Link acknowledged his father and obeyed him seconds later. The young knight clenched his own jaw and tried to make his own expression as stern and unyielding as Rankin's face had been before he turned away. Link returned to the thick of the trainees, where he worked with them until the deep blush of sunset crept over them from the horizon. Even when the soldiers trudged back to the barracks to clean up, he didn't have the chance to speak to his father, as they were both kept busy until after night had settled over the land like a cloak lined with all the stars of the universe. Then the knight commander and his son met in the cramped quarters belonging to the former.
"What were you doing out there?" Rankin demanded, fixing his lad with a stern glare.
"I'm sorry, Father. I... I thought I heard someone calling me."
"There are many noises on the training ground. You must have been mistaken."
But it was something Link couldn't find the right words to describe. Someone was calling him, he was sure of it. When he thought harder on it, however, it wasn't his name that he seemed to hear but a cry that went much deeper. It was not a thing he heard with his ears so much, but something that spoke to and prodded his very soul. It pulled at him, making him antsy, anxious, and feeling more than a little addled, and he had no idea what it meant or how he could rid himself of it. It was a call both sweet with promise and laden with responsibility. It was earnest and repetitious and he yearned to follow it, if only he knew how.
His father cocked his brows, his lips twisting downward. The doubt that clouded his eyes was as obvious as the gray-white clouds that stole over the Woodland region for an approaching squall. Two days passed, in which the coming storm built up on the horizon and the knight commander was almost always glancing in his son's direction. Link tried his best, but he kept hearing, or feeling, the voice that no one else was even aware of. He heard it even in his sleep, causing him to wake multiple times in one night.
Finally, the clouds which had been gathering themselves up like a huge soap bubble, released the moisture they were holding. In a matter of minutes the training grounds were running with water, visibility was reduced almost to nothing by the stringing, driving rain, and the men found themselves slipping and sliding more than sparring. The knight commander called an early halt to the exercises and instead ordered the recruits to clean up their gear and living quarters. By the time they ate their dinner, the rain had subsided almost to the point of stopping.

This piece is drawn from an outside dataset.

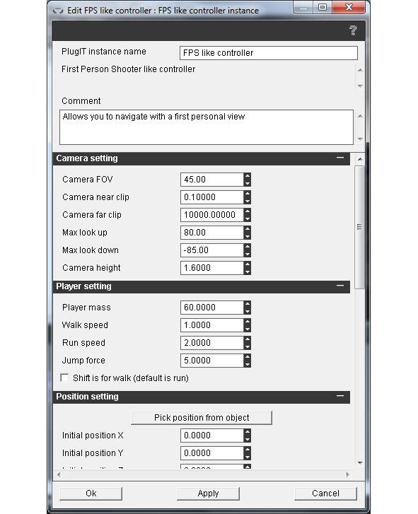Щелкнув два раза на компоненте FPS like controller, можно установить его свойства, такие как угол камеры, скорость передвижения и др.

Rankin noticed the dark circles and the unusual exhaustion in his boy's face, and his own expression darkened with a frown. "Go to bed, son. Get some rest," he commanded the youth, as he might anyone else under his command, except his eyes were considerably softer than his tone.
Link obeyed with nary a thought to the contrary. He shared a room with some other young men who'd been knighted around the same time he had been, though they were all older than he was. He fell asleep easily, but then awoke in the middle of the night, unsure for a moment as to what had roused him. Enough moonlight invaded the room that he could see the shapes of the other men in their beds, the air occasionally punctuated by snores and snorts. The window was open and he could hear crickets and feel tendrils of the night breeze.

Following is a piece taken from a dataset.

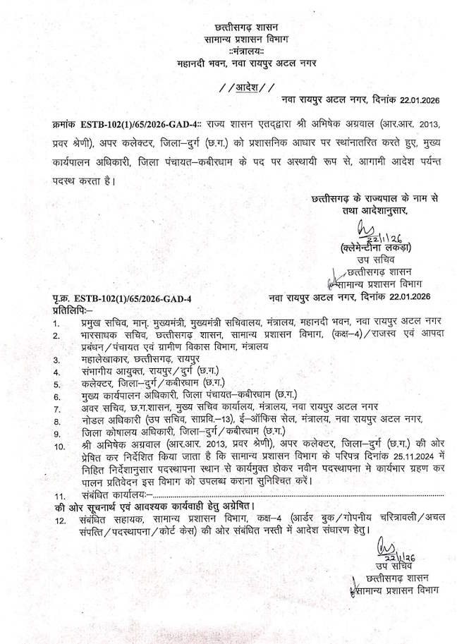 प्रशासनिक फेरबदल: दुर्ग के अपर कलेक्टर अभिषेक अग्रवाल बने कबीरधाम जिला पंचायत के नए CEO

Then the voice called to him again and he knew what had pulled him from his slumber. So too, he remembered what he'd been dreaming just moments before; in them he'd been in a strange, misty place that he did not recognize, one with bizarre trees that reached up with scraggly arms and seemed to jump out at him from the fog. He'd been afraid of getting lost, but something pulled him onward…
The dream left his heart thumping madly against his ribcage and he wasn't sure why. He heard the call again, and a third time. He knew sleep would elude him and so he hastily pulled on a pair of leggings, boots, and a tunic over the undershirt he slept in. Slipping out of the barracks and the compound was a nearly effortless matter for him; he'd been raised in garrisons and training camps after all, and this one was no stranger to him.
As he put distance between himself and the grounds, the voice kept calling and pulling at him. When he knew he could not be heard by any of the sentries, he lifted his face partway to the heavens and shouted, "What do you want?! Who's calling me? Leave me alone!" He received no reply, but the voice kept up its urgent summons.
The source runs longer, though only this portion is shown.